# To MO' or not to MO' that is the question?



## tsr770 (Mar 3, 2010)

Big Brown said:


> Don't have a report per say but I've been hunting up there the past couple weeks between newaygo and croton. Stopped down the Dam yesterday saw some fish rolling around. The water is super low and gin clear. Easily wadable but i'm sure the fish are jumpy. Checked out the launch downriver and also saw a couple fish. Not much of a report I know but there are some fish in there...good luck


 
Thats what I needed to hear. Looks like a friend will be dragging his driftboat up so hopefully we can find a couple holes holding fish.


----------



## Bucket-Back (Feb 8, 2004)

I haven't heard much about the fishing around here ,but at this time of year it's not unusual . It means locals are catching fish and keeping it hush .

Now during my daily walks in Newaygo , it looks like some dark fish are on the beds ,the water is low and the fish are spooky .

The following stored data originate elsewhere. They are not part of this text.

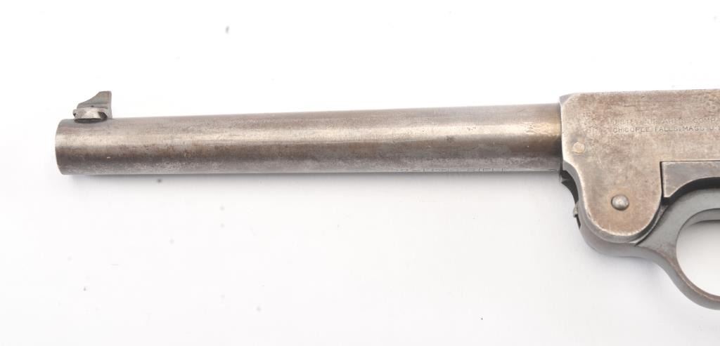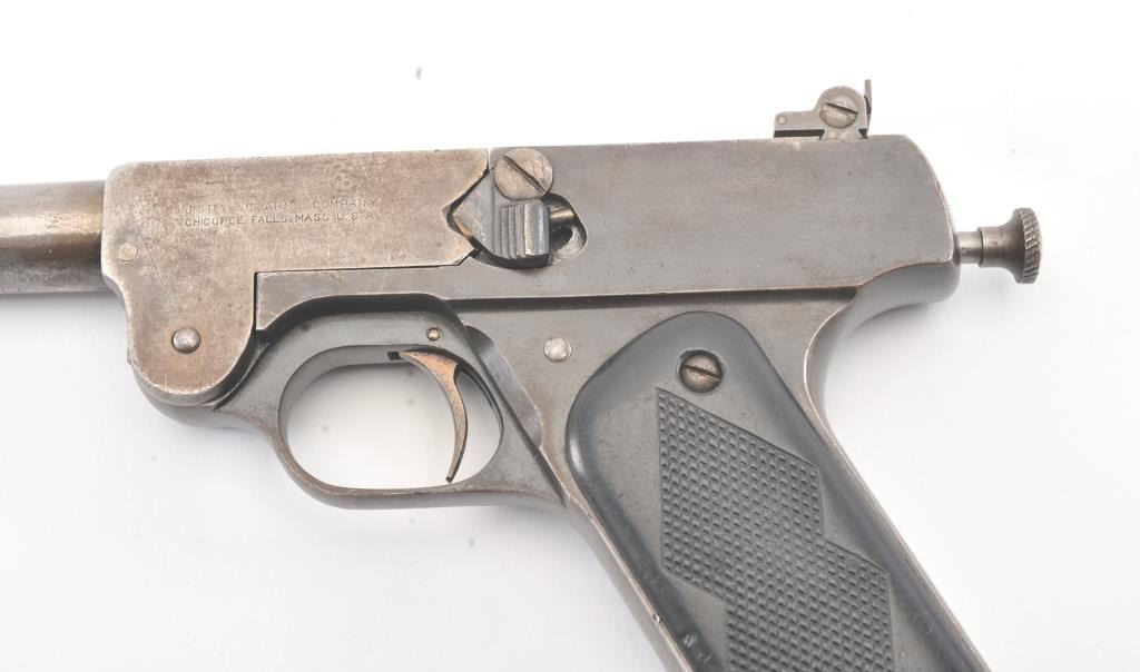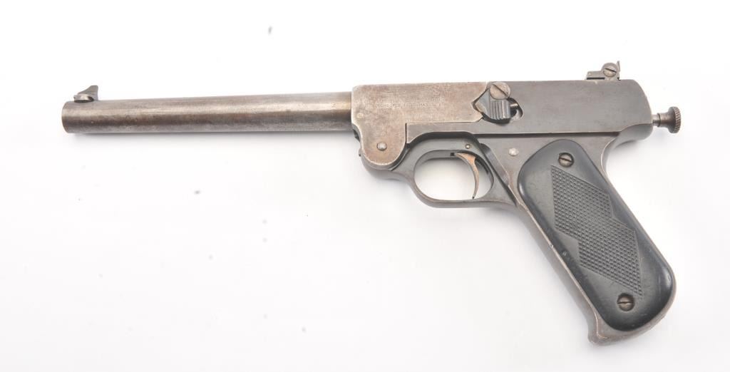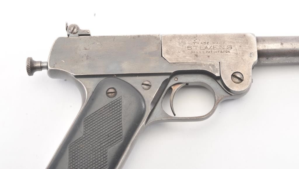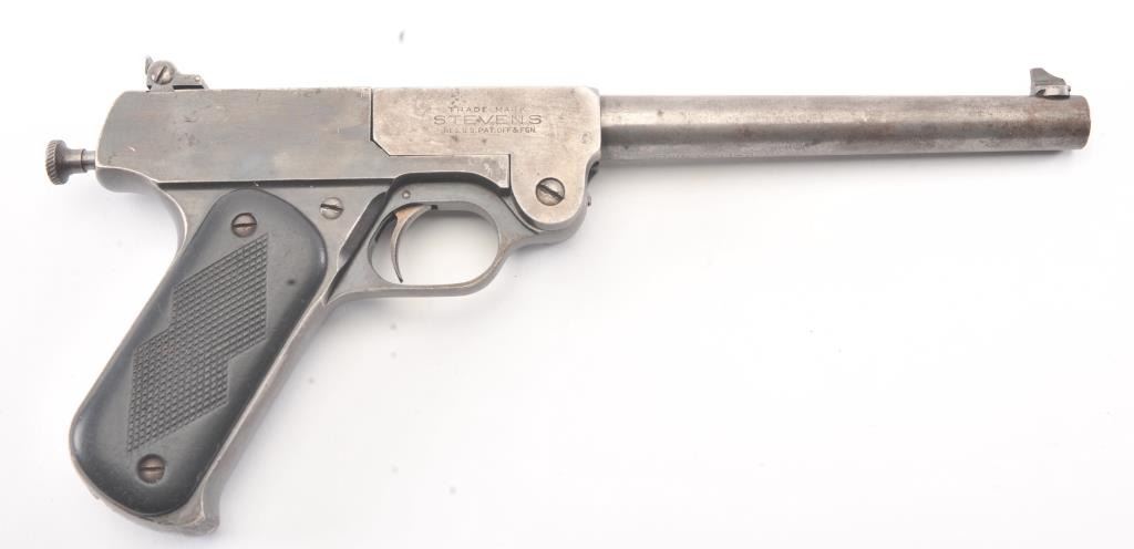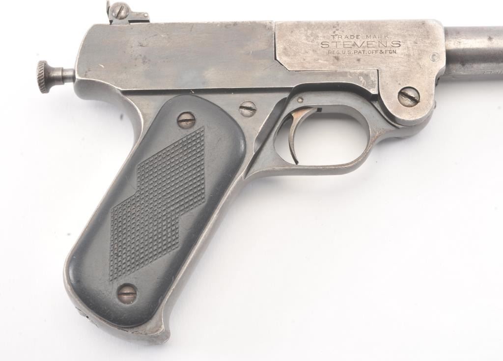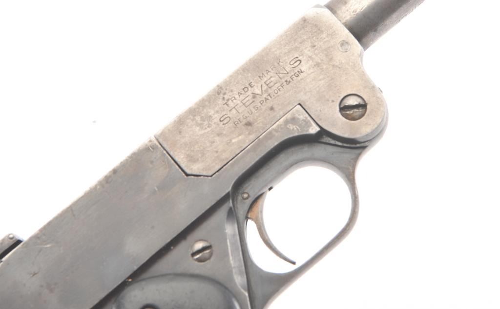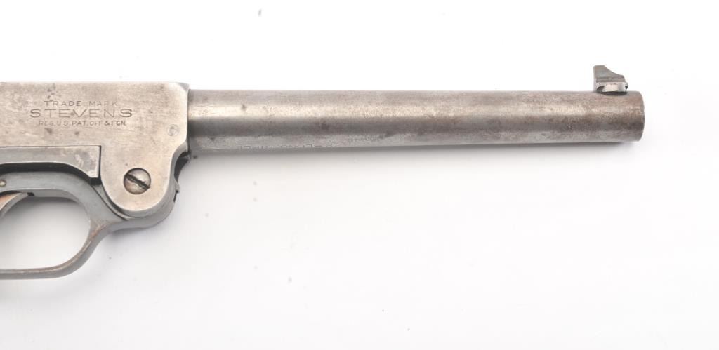J. Stevens No. 10 single shot pistol, .22 Long Rifle caliber, Serial #1266. The pistol is in good overall condition with an 8” barrel. The barrel has gone to an overall grey patina with light surface erosion andsignificant toning blue finish at the rear of the action. The checkered hard rubber grips are in good condition showing wear and small mars. The bore is fair, the action functions and the markings are legible.Est.: $150-$300. (C+R/PPT
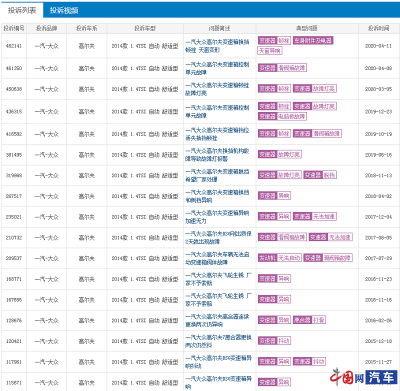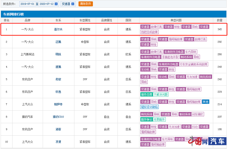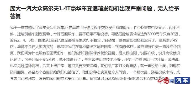 与此同时,记者还发现,仅就最近一年有关汽车变速箱故障的投诉排行中,一汽-大众高尔夫车型高居榜首,数量高达345例之多,不得不令人唏嘘。
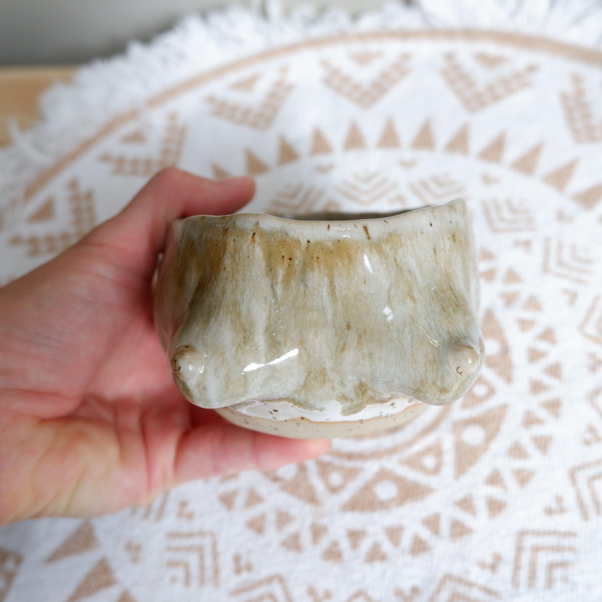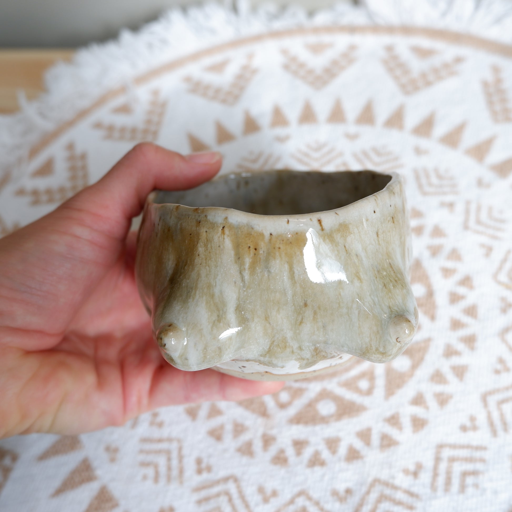 The mug is crafted from beige clay using the pinch technique. It's finished with a combination of glossy glazes and signed on the unglazed bottom.
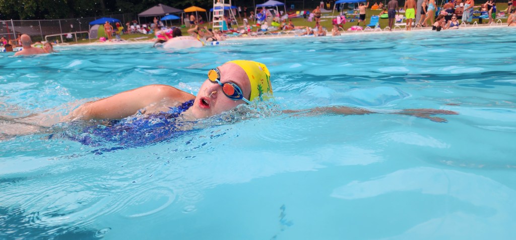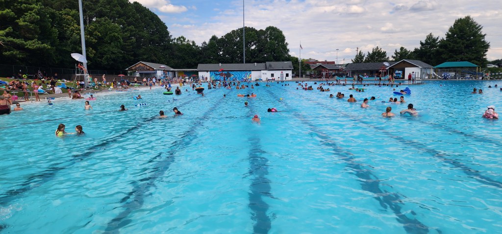 So I remembered last weekend’s swims at a much cooler operation in every aspect of that word. Oak Ridge Outdoor Pool, which I visited in 2021 and featured in a previous blog entry, is an enormous spring-fed respite, with water temperature typically in the mid-70s.
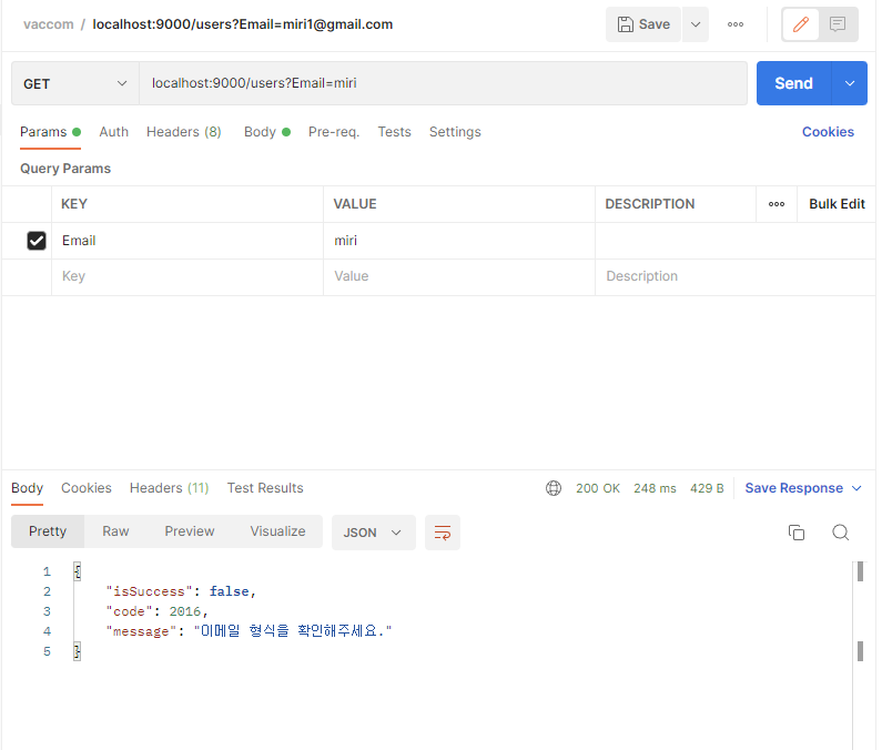 value를 이메일 형식에 맞게 보내지 않았을 때는 에러코드가 다르게 나온다.
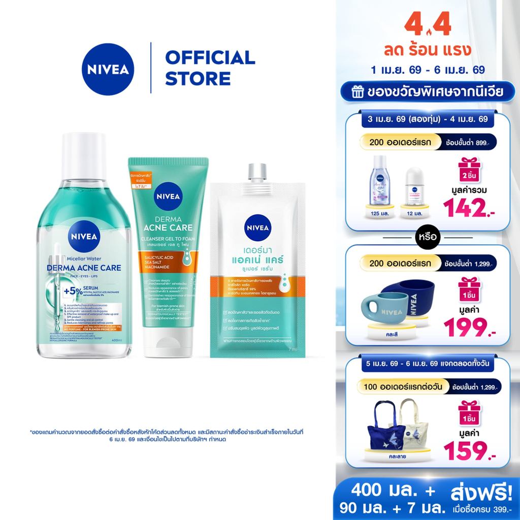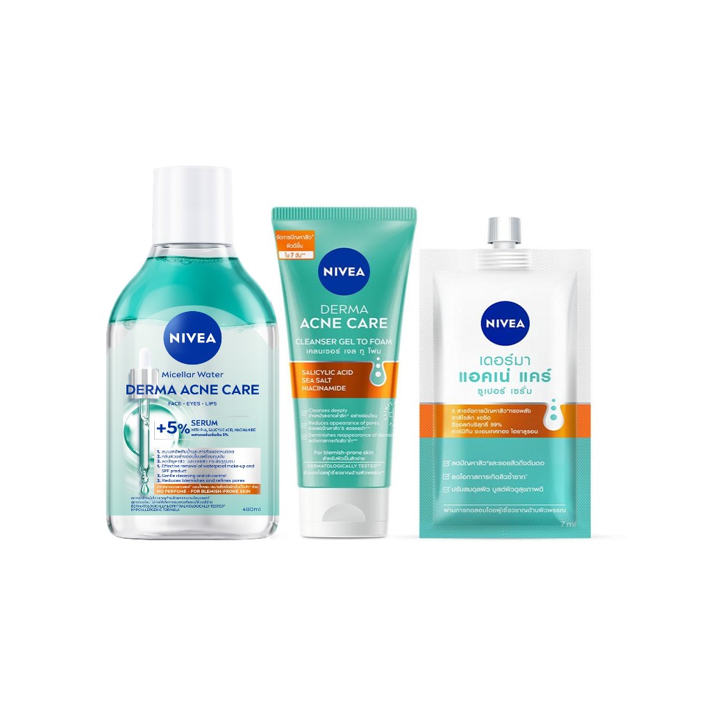 นีเวีย ไมเซล่า วอเตอร์ เดอร์มา แอคเน่ แคร์ 400 มล., เคลนเซอร์ 90 มล,แอคเน่ แคร์ ซูเปอร์ เซรั่ม7 มล.
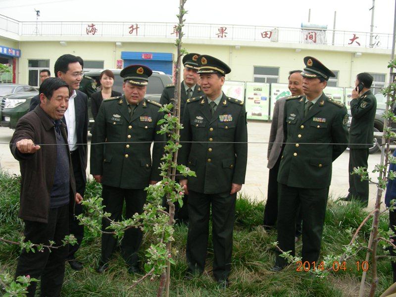 4月10日下午,陕西省军区政委林淼鑫少将在千阳县检查民兵训练场地途中,考察了我校千阳苹果试验示范站。试验站首席专家李丙智教授和站长李高潮副教授向林淼鑫少将一行介绍了我校研发的苹果矮砧栽培技术新模式。宝鸡市军分区司令员李春红大校、宝鸡市副市长景耀平、国家苹果产业技术体系首席科学家韩明玉教授、千阳县委书记郝晋升、副县长崔省强等陪同考察。
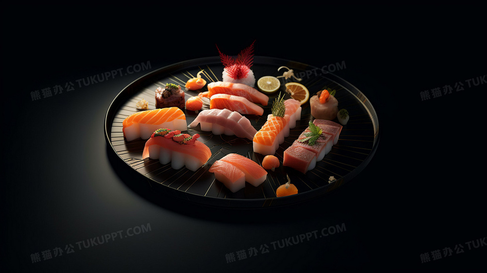 本作品内容为桌面上摆放的一盘精致的三文鱼寿司, 格式为 jpg, 大小1 MB, 图片尺寸为2912 x 1632, 源文件无水印, 欢迎使用熊猫办公。 如认为平台内容涉嫌侵权,可通过邮件:tousu@tukuppt.com提出书面通知,我们将及时处理。
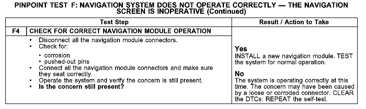 Test F: Navigation System Does Not Operate Correctly - The Navigation Screen Is Inoperative
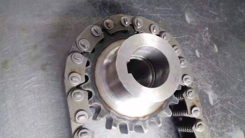 無聲鏈 齒形鏈輪  無聲鏈:也叫齒形鏈條,采用無聲齒形鏈輪帶動運轉傳動。寧津縣榮達機械制造有限責任公司定做各種無聲齒形鏈條,無聲齒形鏈輪。我們根據客戶自己的情況,客戶選型成功,我們根據客戶的數據非標定做各種齒形鏈條和無聲齒形鏈輪。齒形鏈條節距4.7625,6.35  9.525  12.7  15.875  19.05  25.4  31.75  38.1毫米的鏈條都能做,無聲齒形鏈輪根據客戶的齒數和外徑,內孔,鍵槽定做。無聲齒形鏈條的獨特優點:高速,無噪音,高承載傳動能力,轉矩大等等優點,逐漸取代精密滾子鏈條和同步帶。
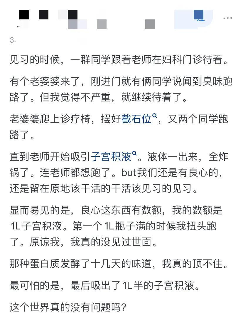 还有网友分享了更沉重的经历:“女朋友的奶奶胸口有肿瘤,都烂了,就是不愿意去医院。每次她去看望的时候都要戴N95口罩,但还是能闻到味儿。”
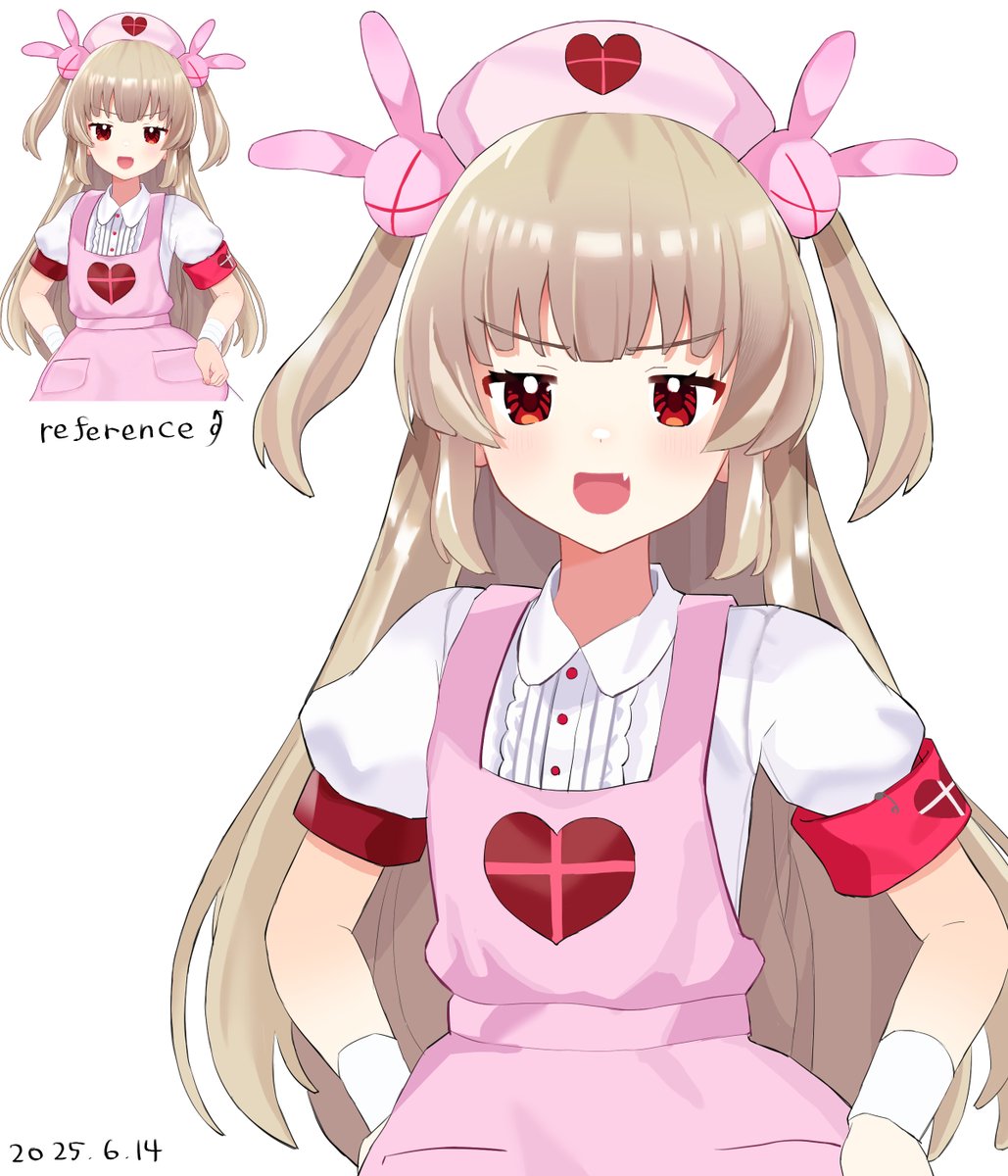1girl apron armband bandaged_wrist bandages blonde_hair blush commentary_request dated derivative_work fang hair_ornament hat heart heart_print highres long_hair looking_at_viewer natori_sana natori_sana_(nurse) nurse_cap official_art_inset okaki8130 open_mouth pink_apron pink_hat rabbit_hair_ornament red_armband red_eyes reference_inset sana_channel shirt short_sleeves skin_fang solo two_side_up virtual_youtuber white_background white_shirt
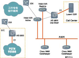 AS 5800 Dial Shelf上的E1接口直接連接客戶服務(wù)中心的Lucent公司G3R交換機(jī)。市行的語音網(wǎng)關(guān)Cisco AS 5300同樣通過高速串口接入幀中繼網(wǎng)絡(luò),與本地網(wǎng)絡(luò)完全隔離。市行申請的95588數(shù)字中繼線路(多采用ISDN
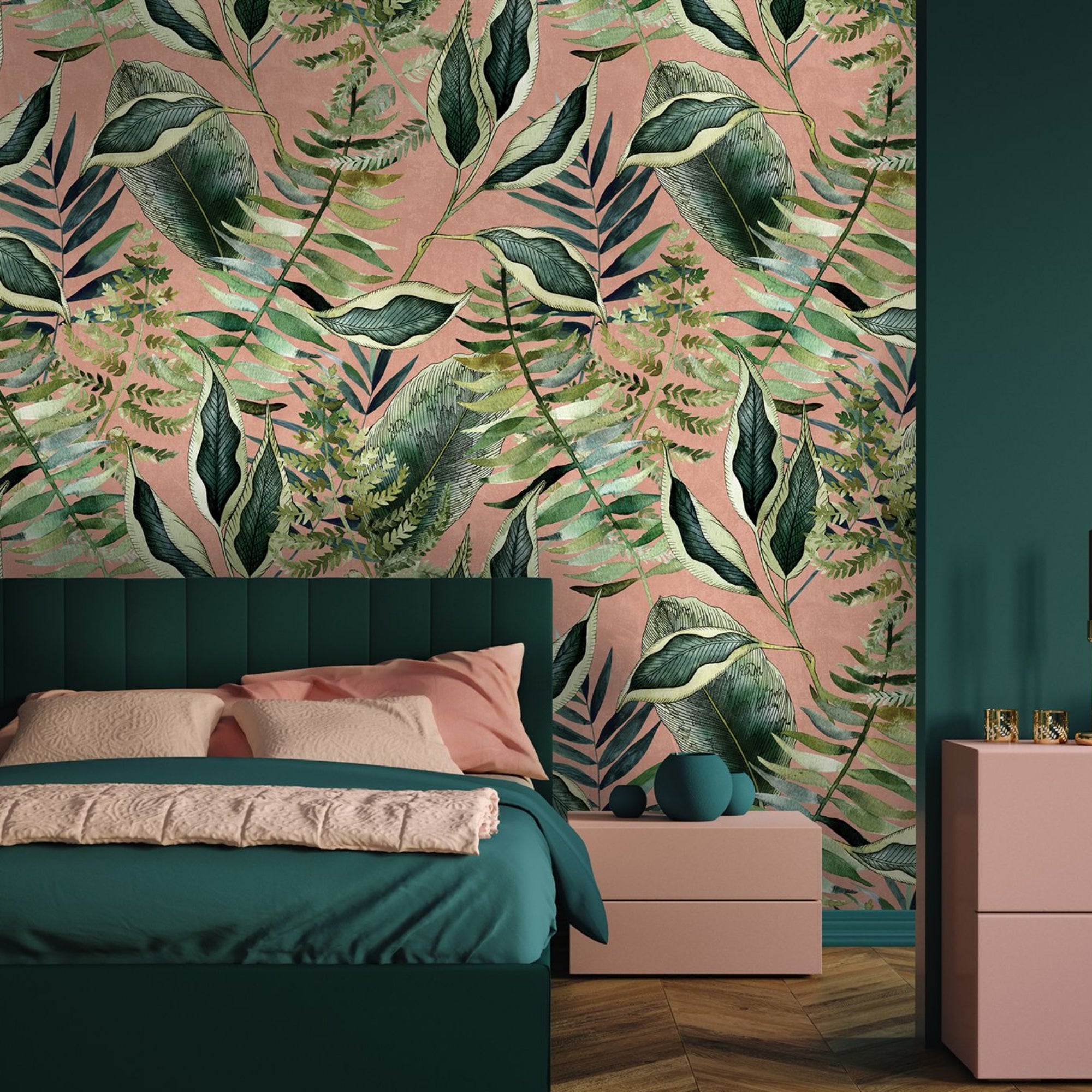 A stylish feature wallpaper showcasing an array of lush foliage plants in a vibrant eye catching design. The Blush Tropical Wallpaper is an extravagant and exotic choice that will give your space the feeling of an endless summer.

You can see the fish shy away from the line as "Fisherman " attempt to drag the line across their back . This is visible from shore ,so the line might be heavy .

With the water so low ,the fish might be blocked at Bridgeton , but where you are staying should be just fine .

There doesn't seem to be as many fish as last week , but I haven't fished yet this fall .


----------